31. Similarly, the fact that he was unaware of the relevant planning issues that have now come to the fore by virtue of Mr. Gaynor's investigation cannot in my view be relied upon as an excusing circumstance. It was always open from the outset to Mr. Hanley to engage an expert and the fact of the matter is that he only chose to do so when the case was going to trial. To that extent therefore, the alleged fraud of which he now complains could with reasonable diligence have been discovered long ago, even if one accepts that it required the input of an expert to reveal it, a proposition which in my view is highly dubious.

32. Litigants in person are of course entitled to precisely the same rights as represented parties to litigation. If they choose to pursue legal proceedings without the benefit of legal or other advice from properly qualified professionals, they cannot be heard to say that they are entitled to be treated differently to represented parties by virtue of a conscious choice on their part to eschew the assistance of such professionals.
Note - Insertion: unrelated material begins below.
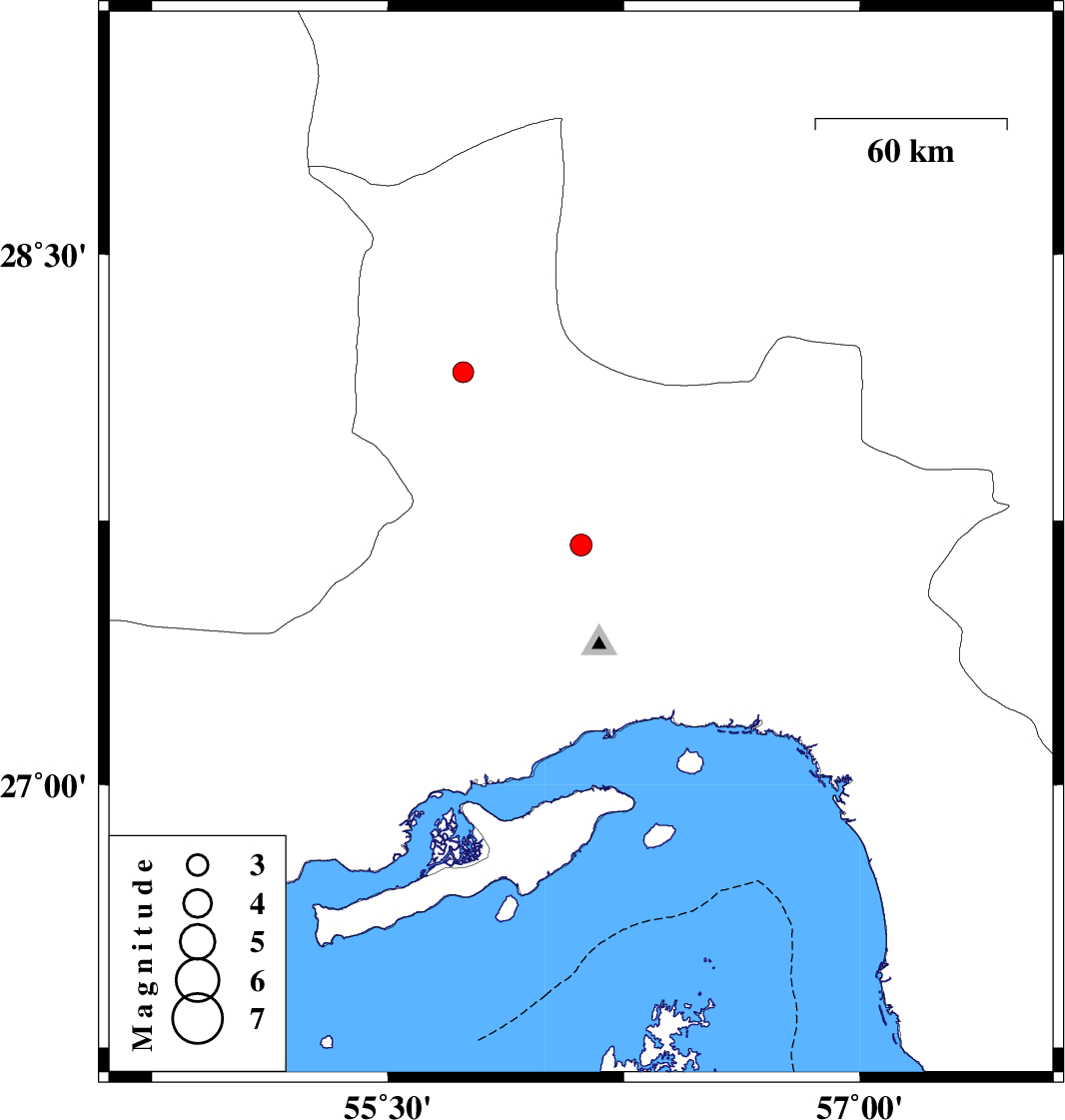| 2025/01/22 | 21:17:31.1 | 00:47:31.1 | 28.168 | 55.739 | 12 | ML:3 | Hormozgan Province, 22 km South-West of Hajiabad |

Accordingly, no good reason has been advanced on behalf of Mr. Hanley for the failure to plead his case, a case commenced in any event very late in the day, in a proper manner.

33. For those reasons therefore, in my view, the application to amend must fail.

34. Turning now to the application to join Mrs. Hannon in her personal capacity as a defendant, it seems to me that precisely the same considerations apply to this application as applied to the application to amend. The failure to join Mrs. Hannon originally in the proceedings is again said to stem from the fact that Mr. Hanley did not know any better. He has certainly known for a considerable period of time however, at the latest October 2014 when Mrs. Hannon delivered her defence, that she was contesting the fact that she was the administrator of her late husband's estate. That is also her clear evidence on oath and Mr. Hanley has chosen not to engage with it despite filing a subsequent affidavit which tends to suggest that he is not in a position to produce any evidence to support what he originally alleged.

35. In my view, Mrs. Hannon was perfectly entitled to defend the proceedings up to the present time on the basis that they were entirely misconceived against her in circumstances where she is not in fact the administrator of her husband's estate and that she would not be required to engage further with any of the merits on this account. It is now proposed to join her in circumstances where she will have to endeavour to call to mind, even if she were in a position to do so, events going back now some fourteen years in a case which, were it to be instituted today against her, would be manifestly statute barred. I cannot see other than that she would be significantly prejudiced by being joined as a defendant to the proceedings at this stage and it would in my view be unjust to do so.

36. For these reasons therefore, I propose to refuse the plaintiff's application herein.